Когда объекты репрезентируются в контексте искусства (а до недавних пор [в искусстве] всегда использовались объекты), они подлежат эстетическому рассмотрению, как и любые объекты внешнего мира; эстетическое же рассмотрение объекта, существующего в сфере искусства, означает, что существование и функционирование в контексте искусства не имеет касательств к эстетическому суждению.

Отношение эстетики к искусству похоже на отношение эстетики к архитектуре, поскольку архитектура обладает весьма специфической функцией и то, насколько «хорош» ее дизайн, в первую очередь определяется тем, как хорошо она выполняет свою функцию. Значит, суждение о том, как архитектура выглядит, соотносится со вкусом: мы действительно можем видеть, как на протяжении истории в различное время – в зависимости от эстетики той или иной конкретной эпохи – хвалили различные образцы архитектуры. Эстетическое мышление заходило так далеко, что образцы архитектуры оказывались вообще не связанными с искусством, но притом – с произведениями искусства как такового (например, египетских пирамид).

Действительно, эстетические суждения всегда оказываются внешними по отношению к функции объекта или же к его «смыслу существования». Исключением, конечно, являются случаи, когда «смысл существования» объекта – строго эстетический. Примером чисто эстетического объекта является объект декоративный, поскольку изначальная функция декоративного объекта заключается в том, чтобы «добавить нечто так, чтобы сделать объект более привлекательным, украсить, орнаментировать»[10]. А это непосредственно связано со вкусом и прямо подводит нас к «формалистическому» искусству и критике[11]. Формалистическое искусство (живопись и скульптура) есть передовой отряд украшательства (декорации). Строго говоря, можно обоснованно утверждать, что его состояние как искусства настолько минимально, что по всем функциональным назначениям оно является не искусством, но чистыми упражнениями эстетики. Климент Гринберг – это прежде всего критик вкуса. За любым его решением стоит художественное суждение, причем суждения эти отражают его вкус. Но что отражает его вкус? Тот период, когда Гринберг сформировался как критик, период «реальный» для него, пятидесятые годы[12]. Исходя из его теорий (если допустить, что в них присутствует некая логика), как иначе можно объяснить, что его не интересуют Фрэнк Стелла, Эд Рейнхардт и другие, вполне подходящие под его историческую схему? Действительно ли ответ в том, что он «не сочувствует им по личным мотивам»[13]? Значит, иными словами, их произведения не соответствуют его вкусу?

Но в философском «чистом поле» (tabula rasa) искусства, «ежели кто-нибудь назвал что-нибудь искусством» (пользуясь удачным выражением Дональда Джадда), то это и будет искусство?
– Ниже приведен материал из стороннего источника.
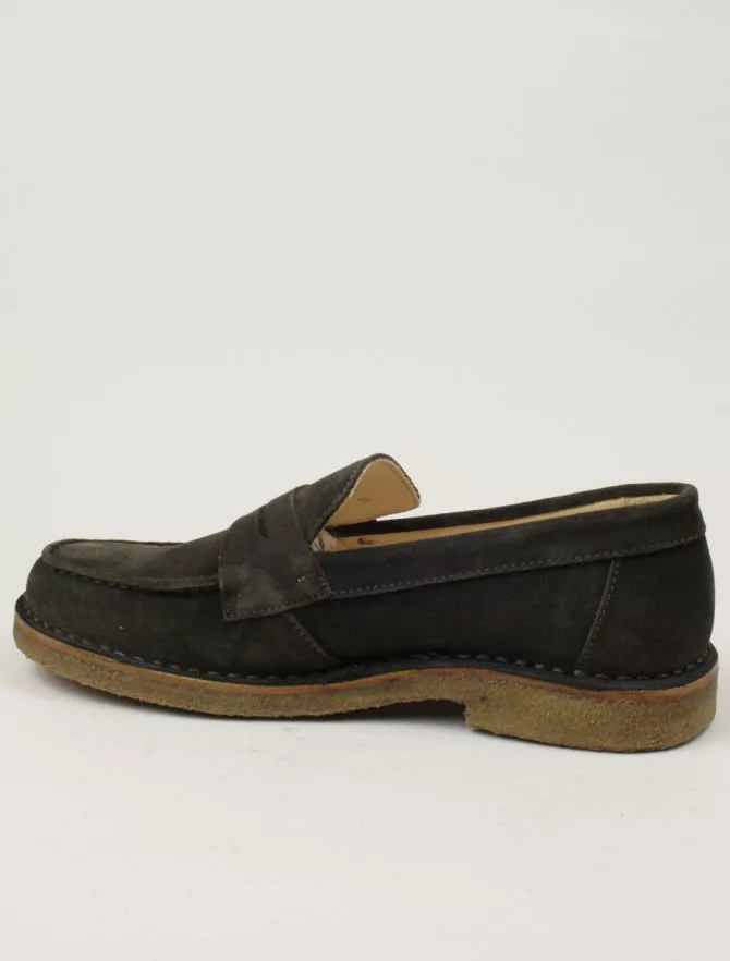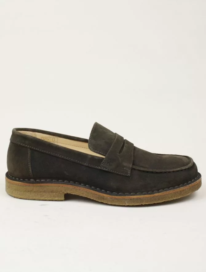 Mocassino in pelle scamosciata, lavorazione Ideal con intersuola in cuoio, fodera in vitello. Questo modello è composto da materiali genuini, questi materiali fanno si che la scarpa si adatti al piede, garantendo il massimo della traspirabilità, mantenendolo asciutto.

В подобной ситуации деятельность по созданию формалистической живописи и скульптуры может гарантировать «состояние искусства», но только при условии ее презентации в терминах собственной идеи искусства (т. е. [если наличествует] прямоугольный холст, натянутый на деревянную раму, покрытый теми или иными цветами, с использованием тех или иных форм, обеспечивающих то или иное визуальное переживание, и т. д.). Глядя на современное искусство в таком свете, осознаешь, насколько минимальны творческие усилия, предпринятые формалистическими художниками, и в частности живописцами (работающими нынче в данном качестве).

Все это приводит нас к осознанию следующего факта: то, что формалистическое искусство и критика принимают за определение искусства, существует исключительно на морфологическом уровне. И хотя значительное число сходно выглядящих объектов или образов (или же визуально родственных объектов и образов) могут показаться связанными [с искусством] (или относящимися к нему) вследствие сходства визуальных/экспериментальных «прочтений», было бы необоснованным выводить из этого [факта] художественное или концептуально родство.

Значит, вполне очевидно, что зависимость формалистической критики от морфологии с необходимостью ведет к предвзятости в отношении морфологии традиционного искусства. И в этом смысле подобная критика не связана с каким-либо «научным методом», ни с каким-либо видом эмпиризма (в противоположность тому, в чем хотел бы нас убедить Майкл Фрид своими детальными описаниями картин и иными учеными параферналиями). Формалистическая критика есть не более чем анализ физических атрибутов неких отдельных объектов, которые бытуют в морфологическом контексте. Однако она не добавляет никаких знаний (или фактов) к нашему пониманию природы или функции искусства. Не занимается она и комментарием того, в какой степени анализируемые объекты вообще относятся к произведениям искусства, поскольку формалистическая критика неизменно обходит концептуальный элемент в произведениях искусства. Причиной же того, что [эта критика] не комментирует концептуальный элемент в произведениях, является тот факт, что формалистическое искусство вообще становится таковым исключительно в силу сходства с более ранними образчиками произведений искусства. Это совершенно безмозглое (mindless) искусство. Как точно и кратко сформулировала Люси Липпард по отношению к живописи Жюля Олитского, «это визуальный музон (Muzak)»[14].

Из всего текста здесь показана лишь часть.